[[ Data extract open ]]

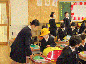 入学したてで不安な1年生をサポートするため、登校後、玄関や教室で声をかける6年生。下駄箱の場所やくつの入れ方を教えたり、ランドセルのしまい方、提出物の出し方などを教えたり手伝ったりしていました。12日以降は給食も始まったため、準備や片付けのお手伝いも行いました。最高学年らしい姿が見られ、素敵だと感じました。
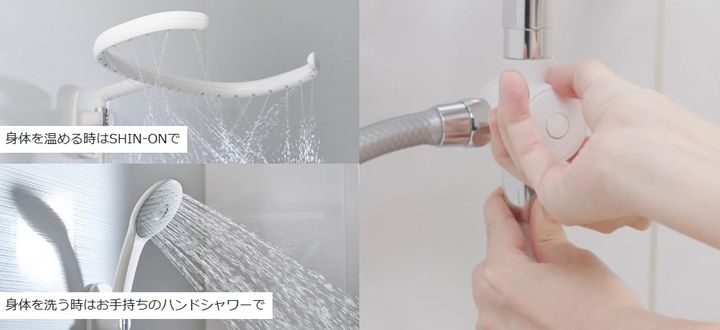 「SHIN-ON(シンオン)」はまるで湯船に浸かったかのように身体の芯まで温まるU字型シャワーヘッド。360度から出るシャワーやミストが身体中を包んで温め、身も心も癒される新感覚のシャワー浴です。
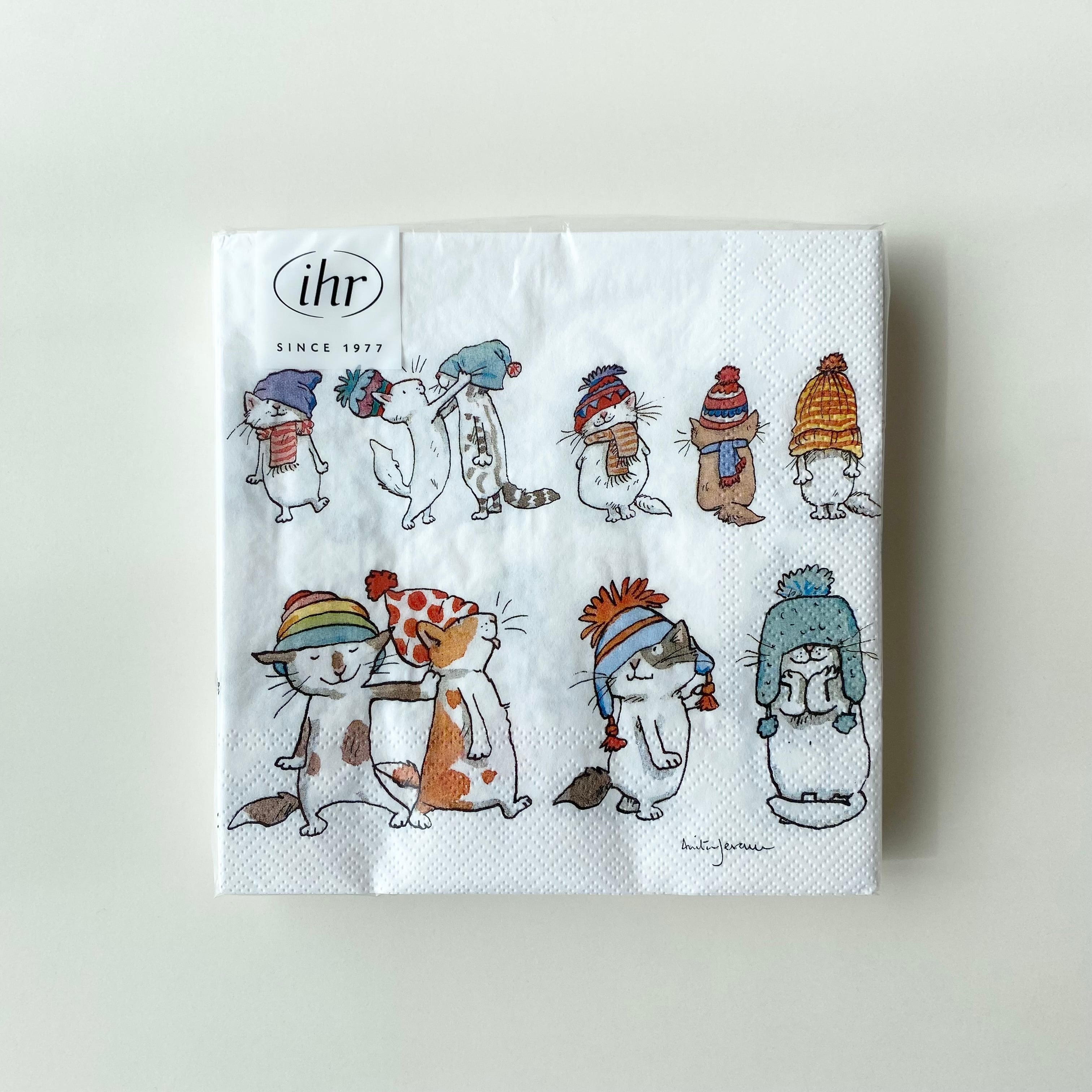 予約商品|10月下旬入荷【IHR】ランチサイズ ペーパーナプキン CATS WITH HATS ホワイト Anita Jeram 20枚入り

[[ Data extract closed ]]

=== Exercise ===
Retype all the data exactly. Omit pictures.

=== Solution to this exercise ===
 入学したてで不安な1年生をサポートするため、登校後、玄関や教室で声をかける6年生。下駄箱の場所やくつの入れ方を教えたり、ランドセルのしまい方、提出物の出し方などを教えたり手伝ったりしていました。12日以降は給食も始まったため、準備や片付けのお手伝いも行いました。最高学年らしい姿が見られ、素敵だと感じました。
 「SHIN-ON(シンオン)」はまるで湯船に浸かったかのように身体の芯まで温まるU字型シャワーヘッド。360度から出るシャワーやミストが身体中を包んで温め、身も心も癒される新感覚のシャワー浴です。
 予約商品|10月下旬入荷【IHR】ランチサイズ ペーパーナプキン CATS WITH HATS ホワイト Anita Jeram 20枚入り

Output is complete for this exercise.